1

tldr: How can I convert a folder of pdfs into a list of CMYK values (or RGB or any kind of colour scale values), preferably in python.

I have a folder with around ~100,000 documents in it. To make sampling these documents easier I want to run data analysis on the documents (clustering and anomaly detection), and one metric I want to have is the CMYK coverage. Is there any method or package in (preferably) python that will calculate the CMYK coverage of the PDF?

****edit****

After some research I have found out that GhostScript should provide the functionality I require, if anyone could help me with the implementation I would still really appreciate it.

The Lemon
  • 1,211
  • 15
  • 26
  • 1
    The inkcov device will calculate the coverage of CMYK on each page of a document. I'm afraid I don't understand what it is you actually want though, you seem to want the CMYK coverage per document (rather then per page) which doesn't seem useful to me. I suppose you could total the coverage per page and divide by the number of pages to get an average. – KenS Jun 03 '18 at 03:20
  • Per page CMYK would work fine, I'm just struggling to get even that unfortunately – The Lemon Jun 03 '18 at 03:41

1 Answers1

1

./gs -sDEVICE=inkcov -sOutputFile=out.txt input.pdf should give you each page CMYK coverage in a file.

You could use -dQUIET -o - instead of -sOutputFile to send the output to stdout.
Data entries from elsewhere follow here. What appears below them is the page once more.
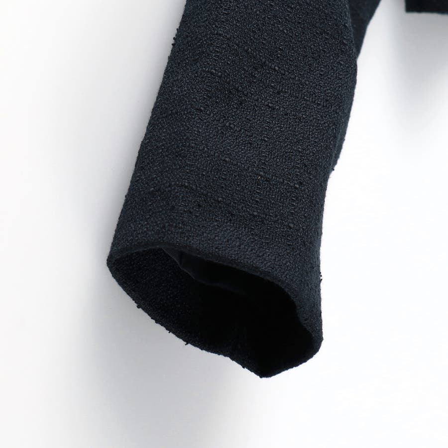 表面に凹凸感があり、少し光沢感のあるブークレ素材のジャケットです。
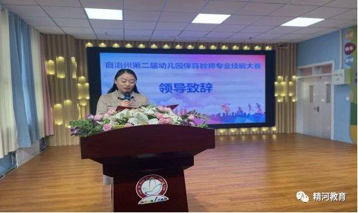自治州学前教研基地校主任马俊玲在比赛致辞中说道:此次比赛为全州各幼儿园保育教师提供展示自我、挑战自我、相互学习交流的平台。通过竞赛的形式,有助于增加教师之间的专业交流,有助于促进幼儿保育教师的职业素养,更好地践行《纲要》和《指南》精神,把满腔热血倾注在孩子们身上,担负起促进幼儿身心和谐发展的重要任务。
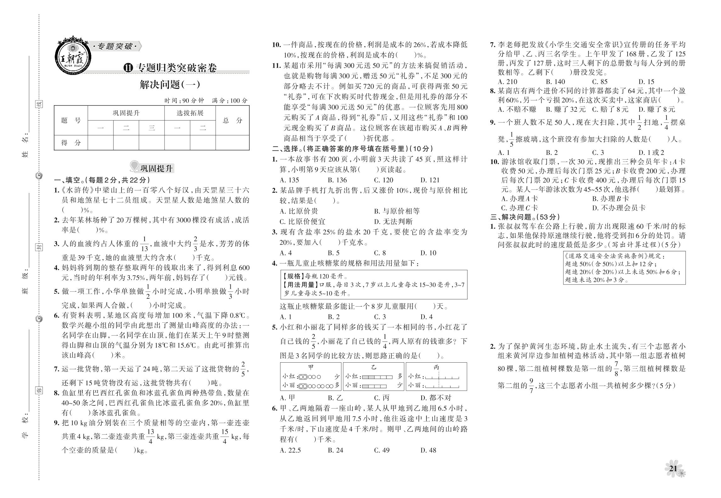 小升初数学·王朝霞专题归类突破密卷——解决问题(一)_R220115120425403【11】

You then need some batch scripting which will depend on your Operating System. On Windows something like:

for %s in (folder/*.pdf) do gswin64c -dQUIET -sDEVICE=inkcov -o - "%s" >> coverage.txt

ought to take every file from the folder, run it through the inkcov device and send the output to stdout, which we redirect to a file and use >> so that each execution appends to the file instead of overwriting the previous output.

You will need to delete the output file after each run of course.

KenS
  • 30,202
  • 3
  • 34
  • 51